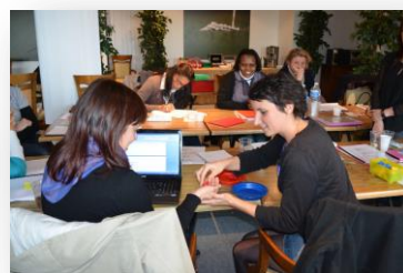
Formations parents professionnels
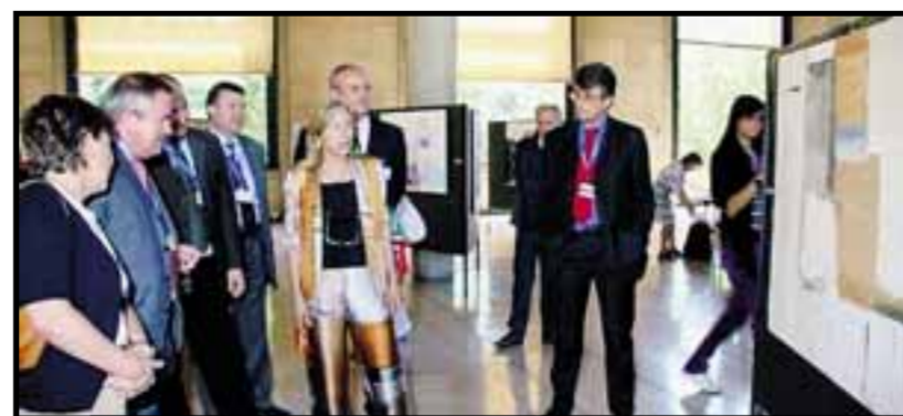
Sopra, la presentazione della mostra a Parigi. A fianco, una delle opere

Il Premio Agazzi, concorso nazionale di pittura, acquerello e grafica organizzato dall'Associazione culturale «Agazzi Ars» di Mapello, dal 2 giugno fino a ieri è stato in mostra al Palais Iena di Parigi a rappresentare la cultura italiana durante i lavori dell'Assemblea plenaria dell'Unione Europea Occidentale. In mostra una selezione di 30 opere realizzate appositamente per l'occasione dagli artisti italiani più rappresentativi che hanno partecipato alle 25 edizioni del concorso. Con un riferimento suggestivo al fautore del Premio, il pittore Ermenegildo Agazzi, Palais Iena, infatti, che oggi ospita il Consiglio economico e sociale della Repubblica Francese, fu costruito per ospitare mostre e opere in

--

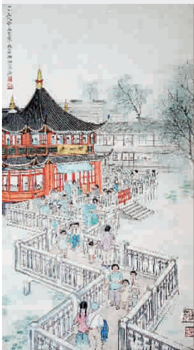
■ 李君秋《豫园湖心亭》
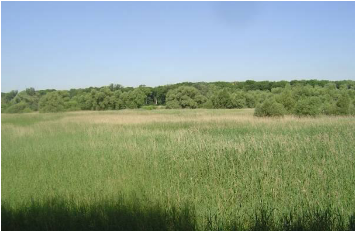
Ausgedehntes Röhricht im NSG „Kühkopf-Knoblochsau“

> ABOUT THIS TASK
When you reach the line with "Sopra, la presentazione" in the records above, start writing out lines exactly, and stop once the line with "Il Premio Agazzi, concorso" has been written; include nothing else.

> TASK ANSWER
Sopra, la presentazione della mostra a Parigi. A fianco, una delle opere

Il Premio Agazzi, concorso nazionale di pittura, acquerello e grafica organizzato dall'Associazione culturale «Agazzi Ars» di Mapello, dal 2 giugno fino a ieri è stato in mostra al Palais Iena di Parigi a rappresentare la cultura italiana durante i lavori dell'Assemblea plenaria dell'Unione Europea Occidentale. In mostra una selezione di 30 opere realizzate appositamente per l'occasione dagli artisti italiani più rappresentativi che hanno partecipato alle 25 edizioni del concorso. Con un riferimento suggestivo al fautore del Premio, il pittore Ermenegildo Agazzi, Palais Iena, infatti, che oggi ospita il Consiglio economico e sociale della Repubblica Francese, fu costruito per ospitare mostre e opere in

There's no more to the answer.